**Activity:**
All lines below starting at the one that holds "Arletti embroidered cardigan" and ending at the one that holds "With its classic" should be printed exactly, ends included. Pictures should not be printed, nor anything else.

**Dataset records:**
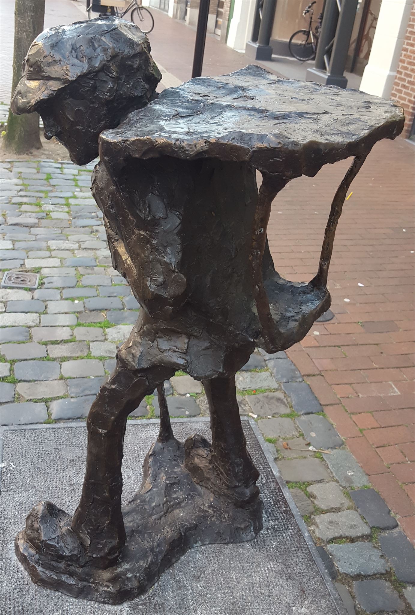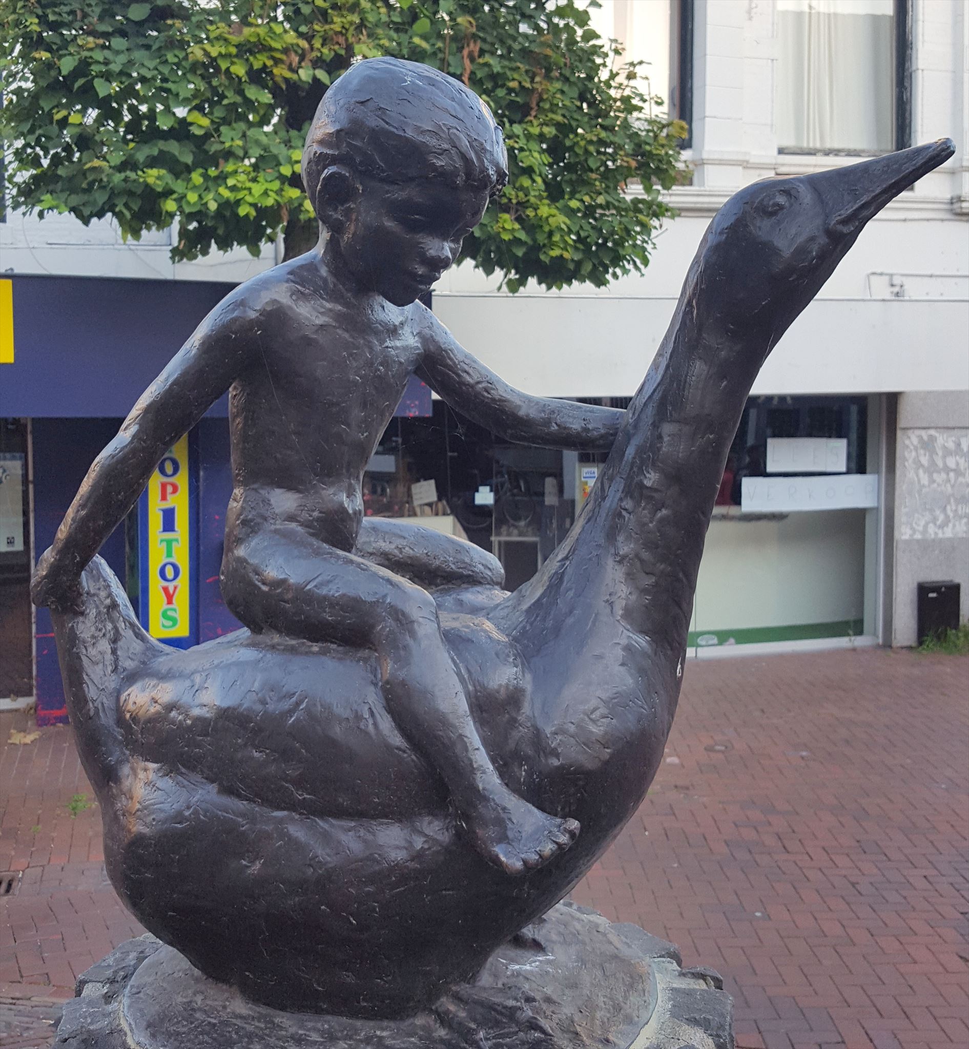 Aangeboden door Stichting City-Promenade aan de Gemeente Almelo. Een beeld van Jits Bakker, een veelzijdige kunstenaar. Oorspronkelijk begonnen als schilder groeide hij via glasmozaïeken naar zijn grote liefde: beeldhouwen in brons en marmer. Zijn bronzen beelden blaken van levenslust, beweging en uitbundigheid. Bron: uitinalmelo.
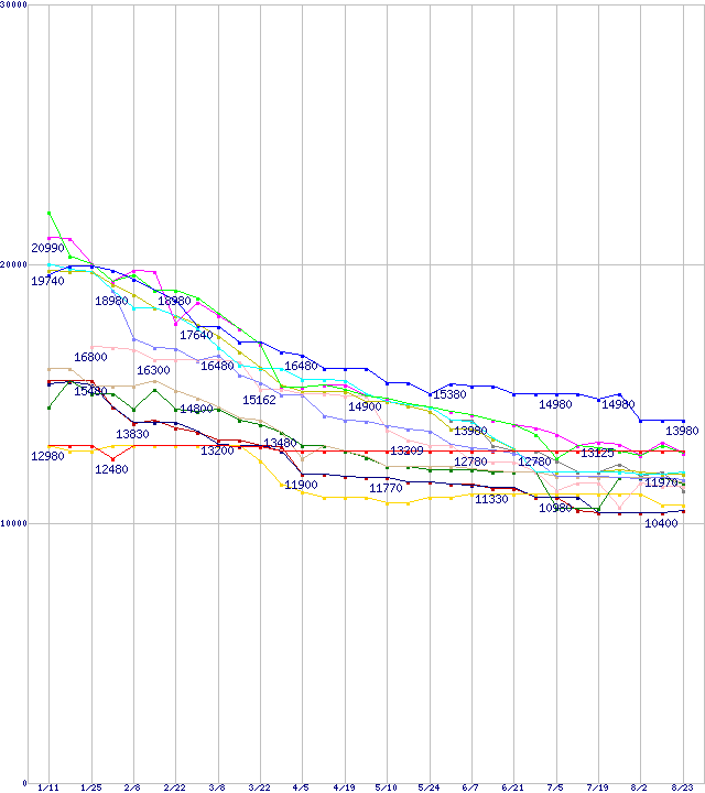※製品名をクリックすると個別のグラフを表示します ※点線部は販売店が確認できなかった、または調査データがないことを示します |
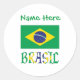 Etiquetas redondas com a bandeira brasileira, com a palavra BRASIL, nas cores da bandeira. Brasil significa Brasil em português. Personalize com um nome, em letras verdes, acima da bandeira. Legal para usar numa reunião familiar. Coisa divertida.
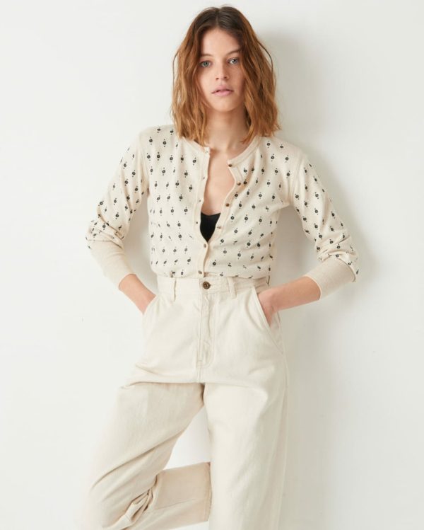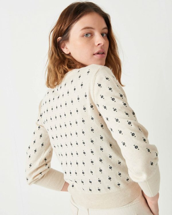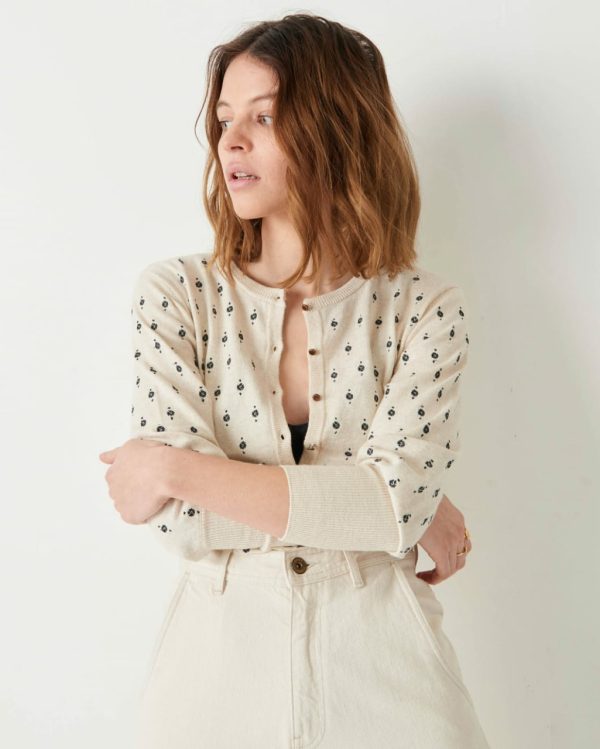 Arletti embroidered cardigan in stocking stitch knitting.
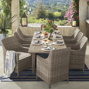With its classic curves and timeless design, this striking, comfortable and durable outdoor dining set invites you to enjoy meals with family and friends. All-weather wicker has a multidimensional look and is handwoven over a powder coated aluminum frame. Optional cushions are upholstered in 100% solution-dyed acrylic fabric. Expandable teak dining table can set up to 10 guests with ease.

* * *

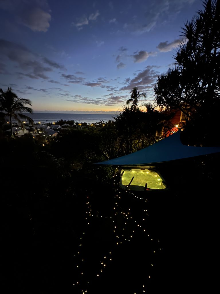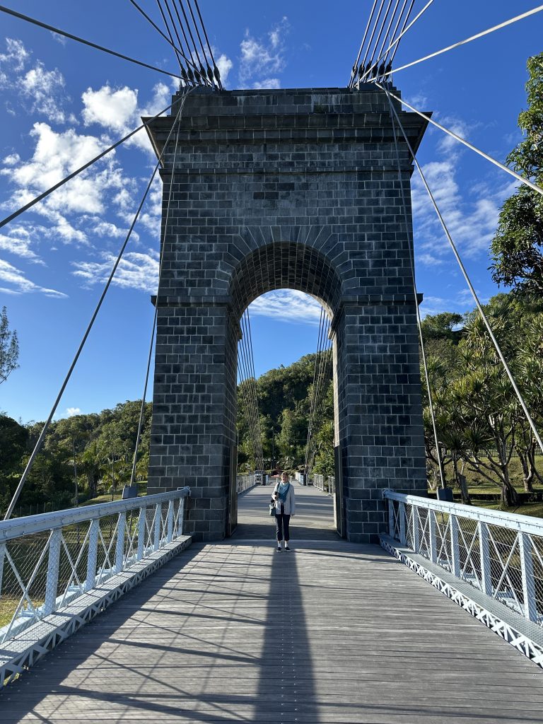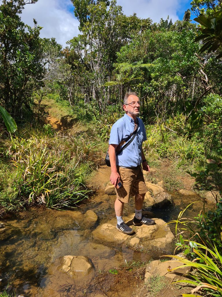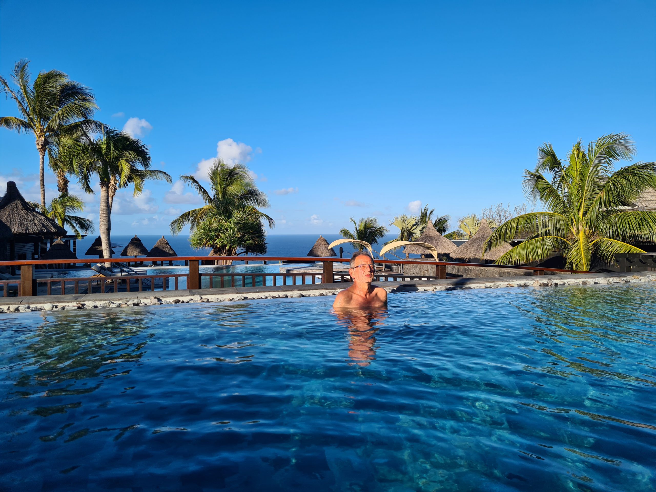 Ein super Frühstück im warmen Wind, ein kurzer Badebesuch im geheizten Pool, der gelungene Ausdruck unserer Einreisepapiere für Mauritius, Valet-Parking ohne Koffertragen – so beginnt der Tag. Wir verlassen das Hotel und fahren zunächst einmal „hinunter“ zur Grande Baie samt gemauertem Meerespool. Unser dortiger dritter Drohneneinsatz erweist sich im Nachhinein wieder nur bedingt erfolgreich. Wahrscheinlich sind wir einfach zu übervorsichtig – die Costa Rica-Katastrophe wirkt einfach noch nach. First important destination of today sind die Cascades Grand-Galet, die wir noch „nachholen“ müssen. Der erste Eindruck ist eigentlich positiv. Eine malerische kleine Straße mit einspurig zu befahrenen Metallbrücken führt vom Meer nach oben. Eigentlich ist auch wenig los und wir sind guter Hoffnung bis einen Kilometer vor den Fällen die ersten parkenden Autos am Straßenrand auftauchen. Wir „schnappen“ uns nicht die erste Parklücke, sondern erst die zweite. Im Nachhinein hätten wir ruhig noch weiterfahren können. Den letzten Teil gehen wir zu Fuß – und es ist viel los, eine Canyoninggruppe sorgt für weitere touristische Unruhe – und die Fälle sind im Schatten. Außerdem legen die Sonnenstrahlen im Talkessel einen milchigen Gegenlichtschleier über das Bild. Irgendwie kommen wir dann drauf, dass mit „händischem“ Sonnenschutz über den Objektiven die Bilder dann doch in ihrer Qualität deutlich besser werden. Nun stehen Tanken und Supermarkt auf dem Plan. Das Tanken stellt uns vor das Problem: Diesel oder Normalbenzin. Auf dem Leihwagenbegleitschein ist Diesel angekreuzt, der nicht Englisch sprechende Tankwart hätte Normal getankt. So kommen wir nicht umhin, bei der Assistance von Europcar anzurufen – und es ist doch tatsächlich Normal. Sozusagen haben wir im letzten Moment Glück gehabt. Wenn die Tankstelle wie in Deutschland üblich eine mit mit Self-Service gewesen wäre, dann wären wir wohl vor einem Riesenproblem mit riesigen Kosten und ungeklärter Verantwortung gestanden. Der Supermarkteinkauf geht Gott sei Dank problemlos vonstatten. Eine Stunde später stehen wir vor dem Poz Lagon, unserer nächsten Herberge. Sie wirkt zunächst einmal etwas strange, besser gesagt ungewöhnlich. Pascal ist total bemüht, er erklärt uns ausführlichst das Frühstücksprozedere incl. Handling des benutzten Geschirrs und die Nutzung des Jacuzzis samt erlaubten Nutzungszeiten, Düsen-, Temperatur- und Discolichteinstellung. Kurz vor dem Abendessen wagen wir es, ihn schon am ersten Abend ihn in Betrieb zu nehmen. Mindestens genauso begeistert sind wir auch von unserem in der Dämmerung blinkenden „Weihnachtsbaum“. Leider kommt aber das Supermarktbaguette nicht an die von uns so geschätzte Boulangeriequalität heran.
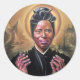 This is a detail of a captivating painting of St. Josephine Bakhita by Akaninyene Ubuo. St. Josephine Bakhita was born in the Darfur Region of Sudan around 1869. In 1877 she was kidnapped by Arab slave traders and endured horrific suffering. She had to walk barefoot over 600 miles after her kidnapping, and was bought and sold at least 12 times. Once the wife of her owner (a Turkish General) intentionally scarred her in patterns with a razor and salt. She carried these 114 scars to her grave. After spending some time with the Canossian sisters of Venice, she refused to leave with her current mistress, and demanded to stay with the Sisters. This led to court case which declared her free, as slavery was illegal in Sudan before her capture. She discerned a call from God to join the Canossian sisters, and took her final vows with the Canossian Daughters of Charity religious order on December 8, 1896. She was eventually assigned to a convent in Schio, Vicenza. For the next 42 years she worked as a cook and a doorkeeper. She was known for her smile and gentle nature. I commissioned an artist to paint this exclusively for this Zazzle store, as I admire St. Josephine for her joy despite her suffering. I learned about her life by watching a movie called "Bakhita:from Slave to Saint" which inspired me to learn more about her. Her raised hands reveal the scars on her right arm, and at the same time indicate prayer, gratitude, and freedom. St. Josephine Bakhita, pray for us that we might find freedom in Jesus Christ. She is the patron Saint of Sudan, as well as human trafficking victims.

...

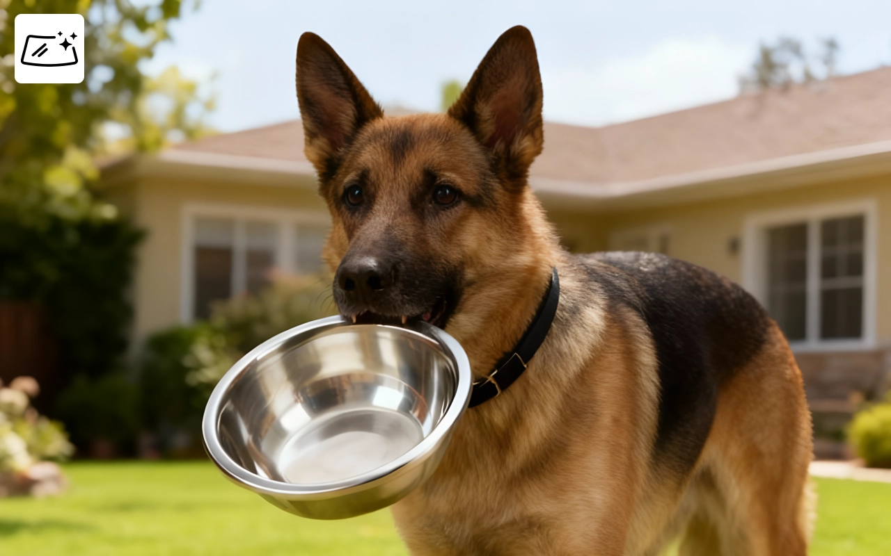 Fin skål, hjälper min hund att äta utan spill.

**Output for this task:**
 Arletti embroidered cardigan in stocking stitch knitting.
With its classic curves and timeless design, this striking, comfortable and durable outdoor dining set invites you to enjoy meals with family and friends. All-weather wicker has a multidimensional look and is handwoven over a powder coated aluminum frame. Optional cushions are upholstered in 100% solution-dyed acrylic fabric. Expandable teak dining table can set up to 10 guests with ease.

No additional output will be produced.